** Opening Dataset entries block **

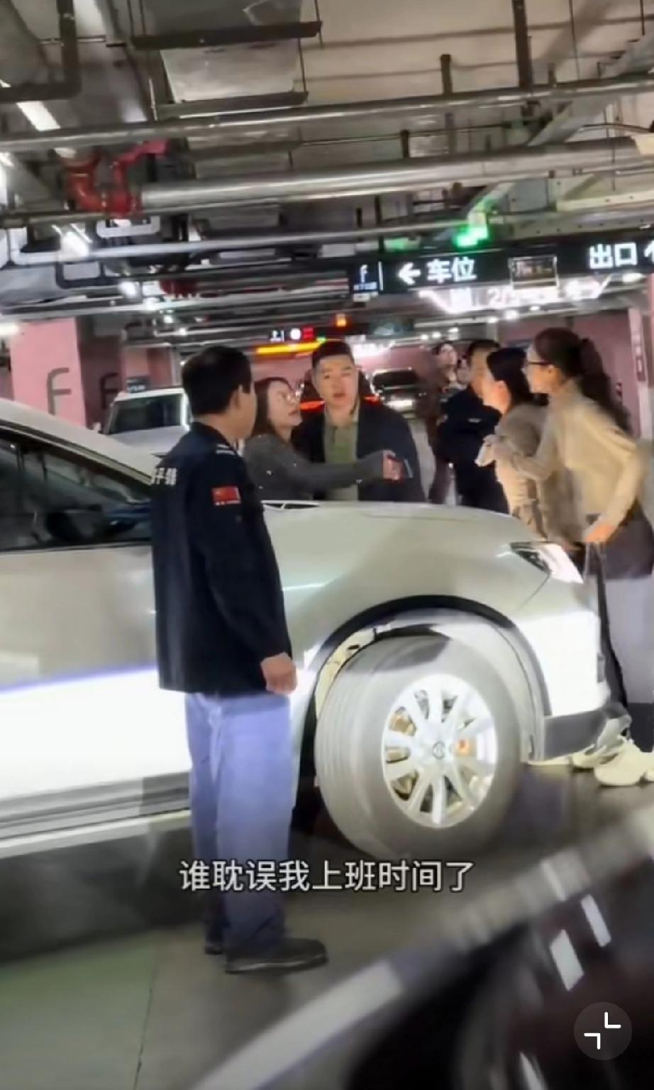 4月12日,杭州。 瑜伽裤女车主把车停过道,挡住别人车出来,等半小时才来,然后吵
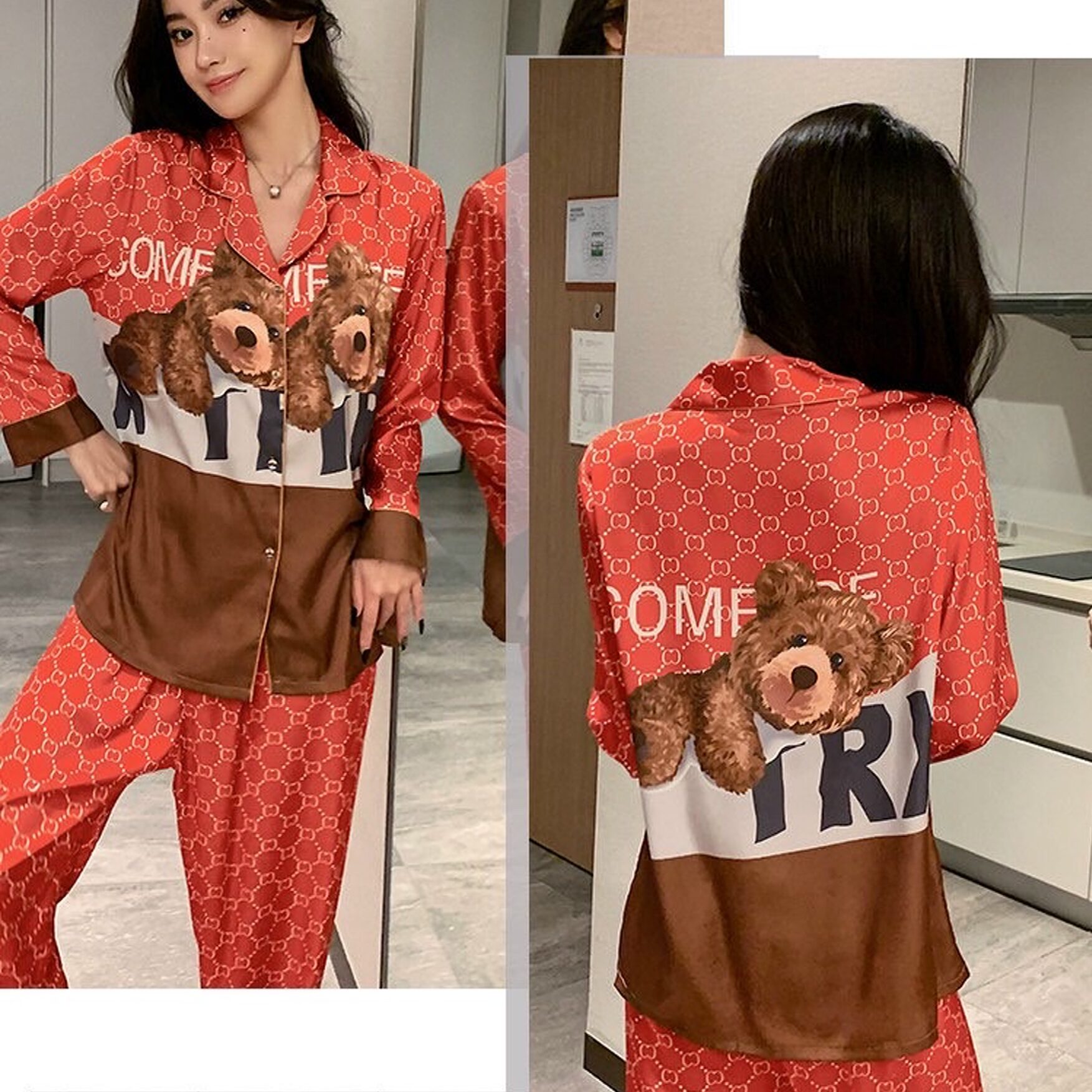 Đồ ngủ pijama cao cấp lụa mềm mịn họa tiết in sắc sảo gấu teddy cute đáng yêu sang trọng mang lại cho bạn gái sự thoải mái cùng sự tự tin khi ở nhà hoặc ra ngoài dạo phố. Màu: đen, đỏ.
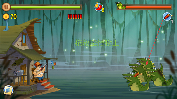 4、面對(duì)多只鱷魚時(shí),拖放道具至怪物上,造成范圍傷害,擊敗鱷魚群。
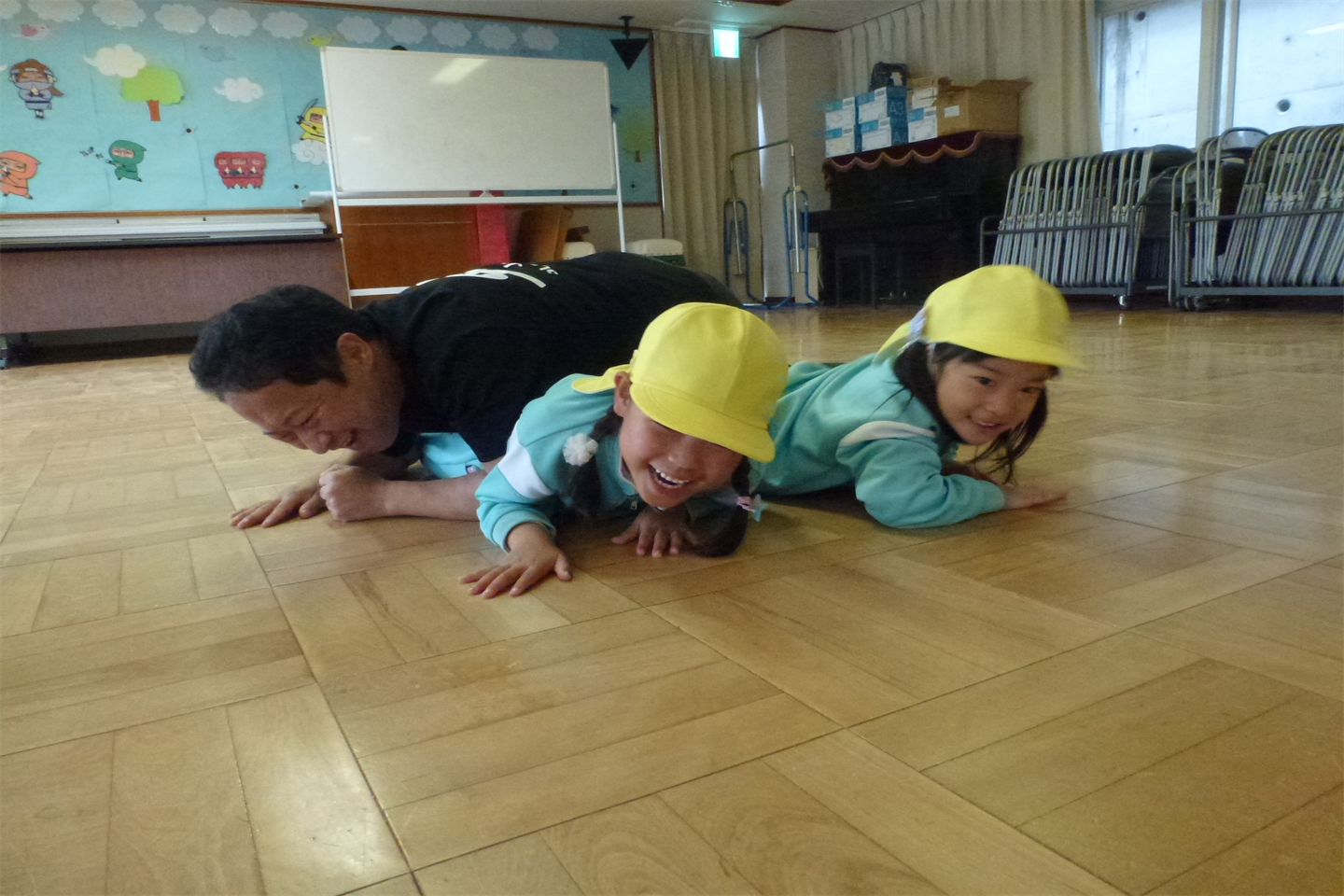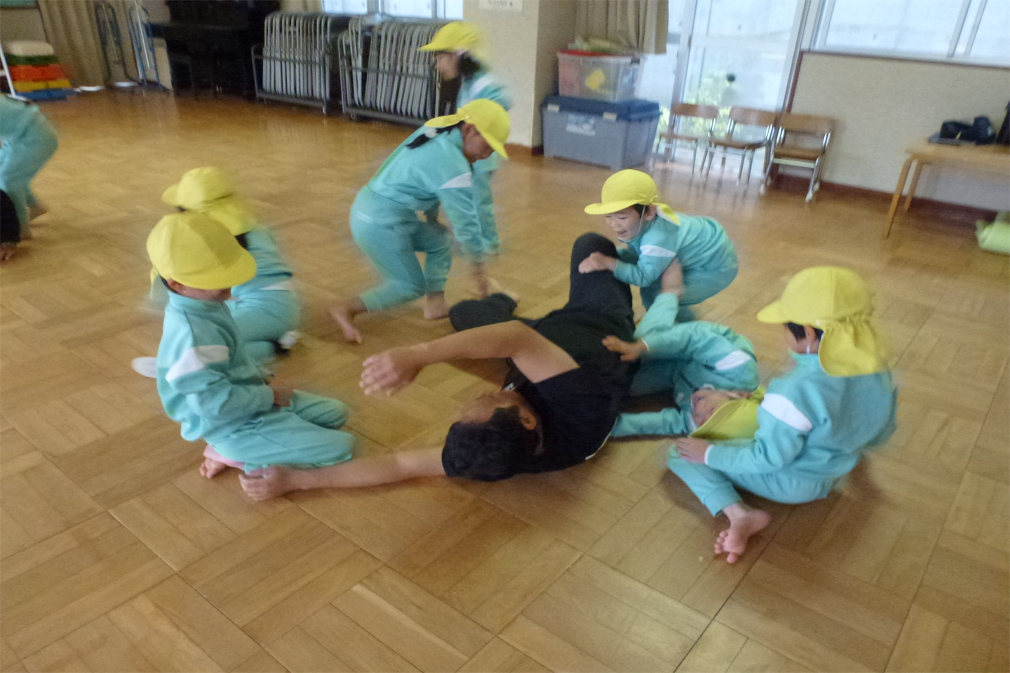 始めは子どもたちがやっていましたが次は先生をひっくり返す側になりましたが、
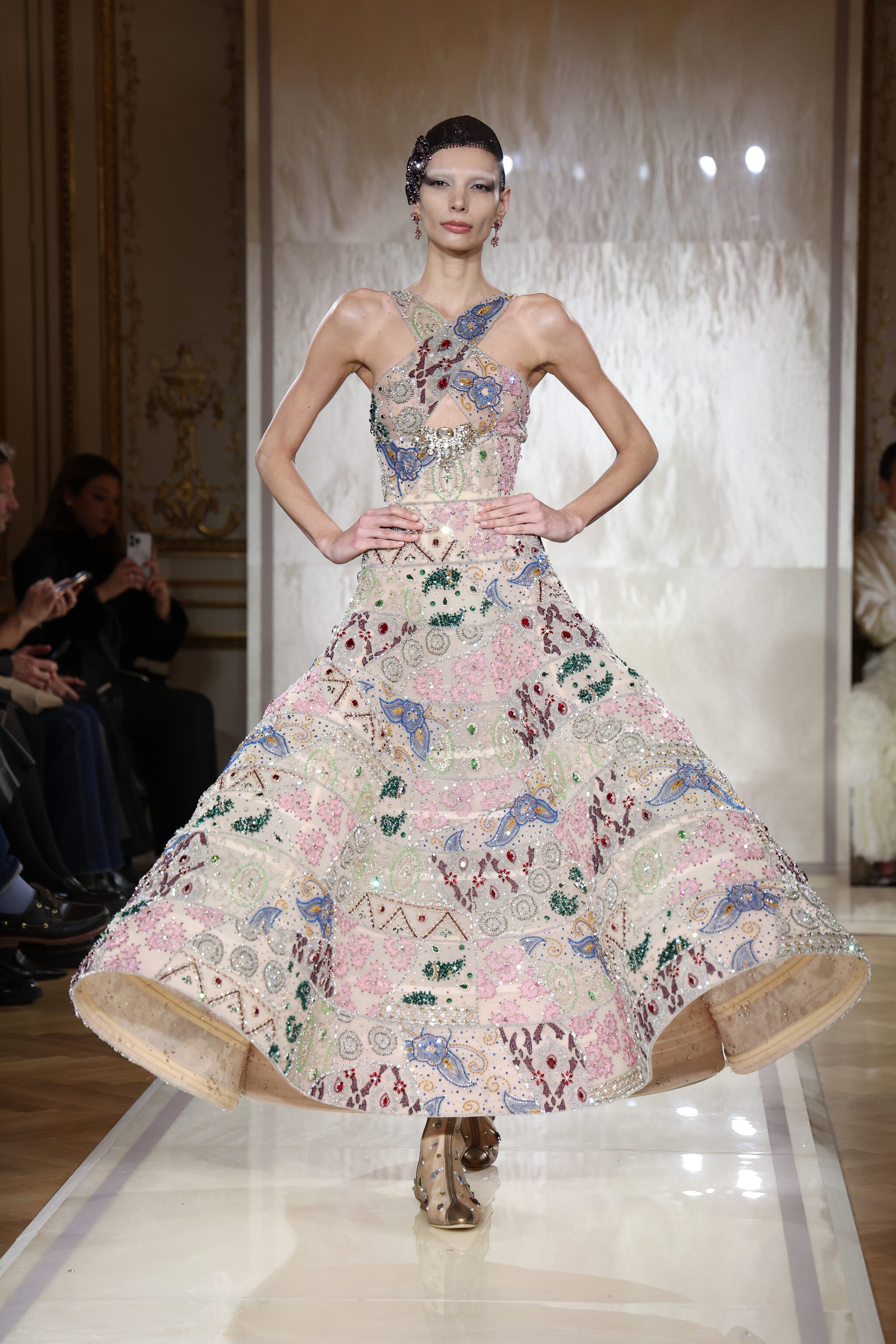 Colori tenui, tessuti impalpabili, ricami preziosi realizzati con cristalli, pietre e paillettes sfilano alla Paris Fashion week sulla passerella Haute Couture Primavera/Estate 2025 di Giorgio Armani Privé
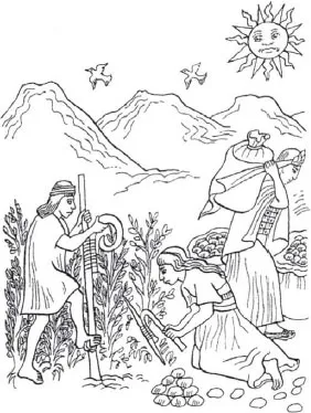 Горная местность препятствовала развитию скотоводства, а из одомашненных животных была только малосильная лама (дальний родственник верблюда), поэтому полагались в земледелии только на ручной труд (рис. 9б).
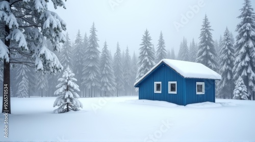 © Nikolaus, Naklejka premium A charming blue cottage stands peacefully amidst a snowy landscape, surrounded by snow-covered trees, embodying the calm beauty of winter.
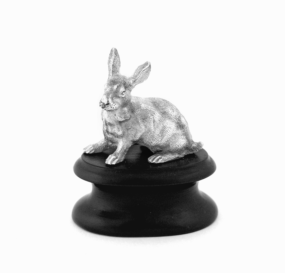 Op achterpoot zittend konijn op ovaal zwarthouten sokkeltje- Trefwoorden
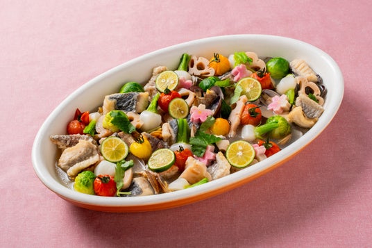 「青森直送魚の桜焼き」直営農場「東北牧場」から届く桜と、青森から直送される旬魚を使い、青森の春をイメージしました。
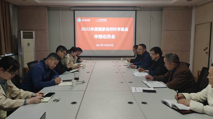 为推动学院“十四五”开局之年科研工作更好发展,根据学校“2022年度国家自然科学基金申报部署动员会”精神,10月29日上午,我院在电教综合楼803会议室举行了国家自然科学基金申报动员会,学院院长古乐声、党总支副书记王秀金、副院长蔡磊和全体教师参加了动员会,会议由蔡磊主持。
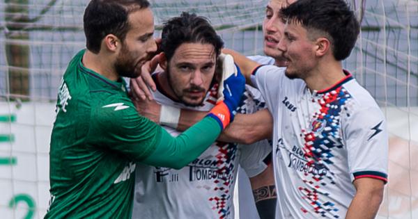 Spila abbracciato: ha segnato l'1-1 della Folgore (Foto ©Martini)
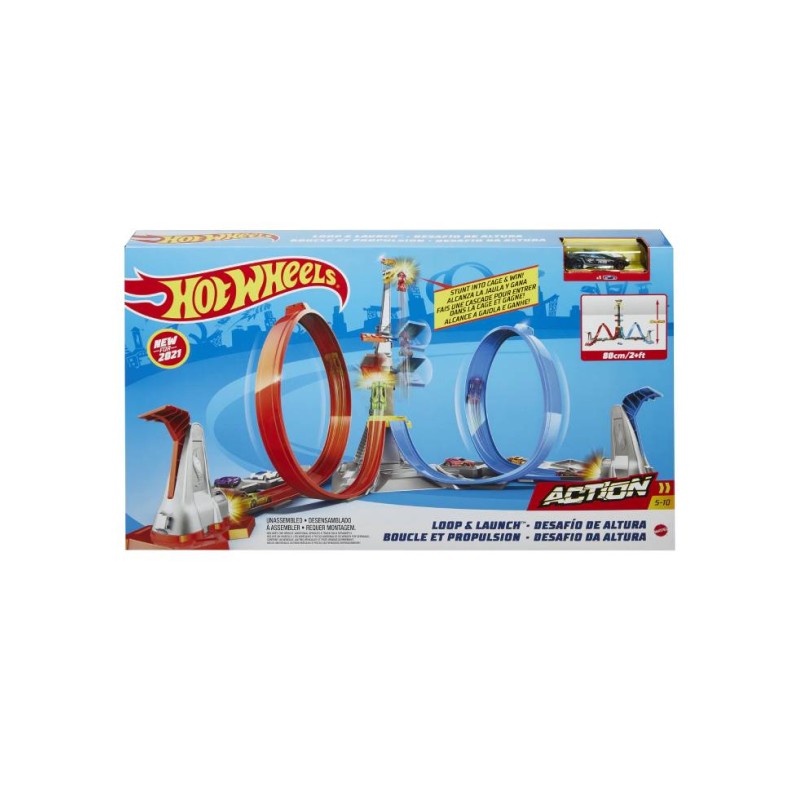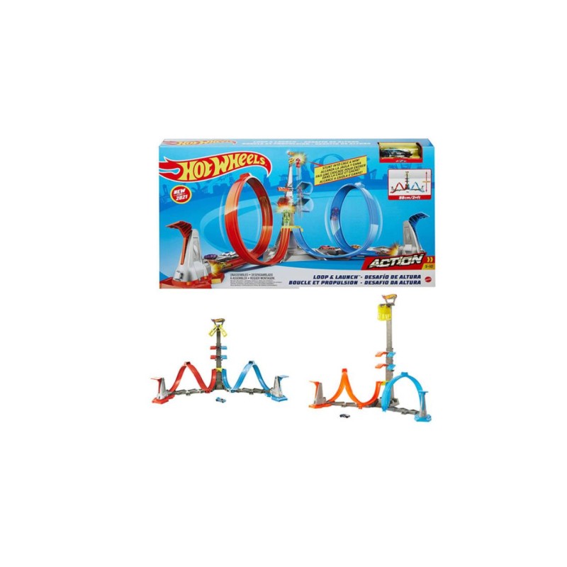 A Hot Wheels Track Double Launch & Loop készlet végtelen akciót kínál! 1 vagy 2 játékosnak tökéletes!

** Closing Dataset entries block **

_Work task_
The data is to be restated word for word, with any pictures set aside.

_Written answer_
 4月12日,杭州。 瑜伽裤女车主把车停过道,挡住别人车出来,等半小时才来,然后吵
 Đồ ngủ pijama cao cấp lụa mềm mịn họa tiết in sắc sảo gấu teddy cute đáng yêu sang trọng mang lại cho bạn gái sự thoải mái cùng sự tự tin khi ở nhà hoặc ra ngoài dạo phố. Màu: đen, đỏ.
 4、面對(duì)多只鱷魚時(shí),拖放道具至怪物上,造成范圍傷害,擊敗鱷魚群。
 始めは子どもたちがやっていましたが次は先生をひっくり返す側になりましたが、
 Colori tenui, tessuti impalpabili, ricami preziosi realizzati con cristalli, pietre e paillettes sfilano alla Paris Fashion week sulla passerella Haute Couture Primavera/Estate 2025 di Giorgio Armani Privé
 Горная местность препятствовала развитию скотоводства, а из одомашненных животных была только малосильная лама (дальний родственник верблюда), поэтому полагались в земледелии только на ручной труд (рис. 9б).
 © Nikolaus, Naklejka premium A charming blue cottage stands peacefully amidst a snowy landscape, surrounded by snow-covered trees, embodying the calm beauty of winter.
 Op achterpoot zittend konijn op ovaal zwarthouten sokkeltje- Trefwoorden
 「青森直送魚の桜焼き」直営農場「東北牧場」から届く桜と、青森から直送される旬魚を使い、青森の春をイメージしました。
 为推动学院“十四五”开局之年科研工作更好发展,根据学校“2022年度国家自然科学基金申报部署动员会”精神,10月29日上午,我院在电教综合楼803会议室举行了国家自然科学基金申报动员会,学院院长古乐声、党总支副书记王秀金、副院长蔡磊和全体教师参加了动员会,会议由蔡磊主持。
 Spila abbracciato: ha segnato l'1-1 della Folgore (Foto ©Martini)
 A Hot Wheels Track Double Launch & Loop készlet végtelen akciót kínál! 1 vagy 2 játékosnak tökéletes!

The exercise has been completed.